Optimizing Filebeat for Reading Only New Text Files
After the Filebeat setup is completed through the MSI, Filebeat takes too long and uses too much CPU for scanning all text files, including older files. We never delete the logs folder after uninstalling the Filebeat MSI. I wonder why it reads the existing text files again, which were already scanned by Filebeat. Could you please advise if there is an option to avoid reading the existing text files and instead read only the new text files
### Tasks
- [ ] https://github.com/elastic/beats/pull/39744
Filebeat, by default, attempts to monitor all files within the specified paths in its configuration, including older files, which can lead to high CPU usage and longer scanning times. To configure Filebeat to read only new text files and avoid re-reading existing files that were already scanned, you can use a combination of configuration options.
Here are some steps and configurations you can apply to optimize Filebeat's performance:
1. Registry File
Filebeat maintains a registry file that keeps track of the state of files it has already read. Ensure that the registry file is not deleted when uninstalling or reinstalling Filebeat. This file is typically located at C:\ProgramData\filebeat\registry\filebeat on Windows.

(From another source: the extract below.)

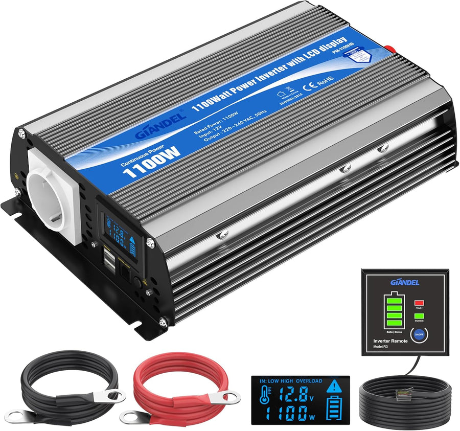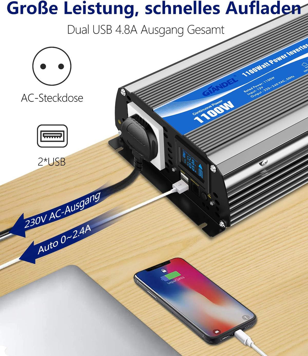 GIANDEL 1100W Modifizierter Sinus Wechselrichter 12V auf 230V Spannungswandler Kompatibel mit LiFePO

2. Configure the Prospectors
Adjust your Filebeat configuration to specify file input settings carefully. Here’s an example configuration in the filebeat.yml file to ensure Filebeat focuses on new files:
Example filebeat.yml Configuration:
filebeat.inputs:
- type: log
enabled: true
paths:
- C:\path\to\your\logs\*.log
# Ignore older files
ignore_older: 24h # Adjust the time period according to your needs
# To handle large files, configure scan_frequency and clean_inactive
scan_frequency: 10s # How often to scan for new files
# Clean files older than this time period from the registry
clean_inactive: 48h # Adjust the time period according to your needs
# Ensure that the registry file is kept
filebeat.registry.path: "C:/ProgramData/filebeat/registry"
3. Ignore Older Files
The ignore_older setting ensures that Filebeat ignores files older than the specified duration. This helps reduce the load by preventing Filebeat from scanning and processing old log files.
4. Scan Frequency
The scan_frequency setting controls how often Filebeat scans for new files. Reducing the scan frequency can also help decrease CPU usage.
5. Clean Inactive Files
The clean_inactive setting removes state entries from the registry file for files that are older than the specified duration. This ensures that the registry file does not grow indefinitely and helps Filebeat focus on new files.
6. Delete Older Log Files
Regularly clean up old log files from the directory if they are no longer needed. This helps in reducing the number of files Filebeat needs to scan.
7. Filebeat Modules
If applicable, consider using Filebeat modules designed for specific log types. Modules are preconfigured to handle specific log formats and can optimize performance for those types of logs.
Implementation Steps:
- Edit the Configuration File: Open the
filebeat.ymlconfiguration file located in the Filebeat installation directory. - Modify Settings: Apply the settings as shown in the example above.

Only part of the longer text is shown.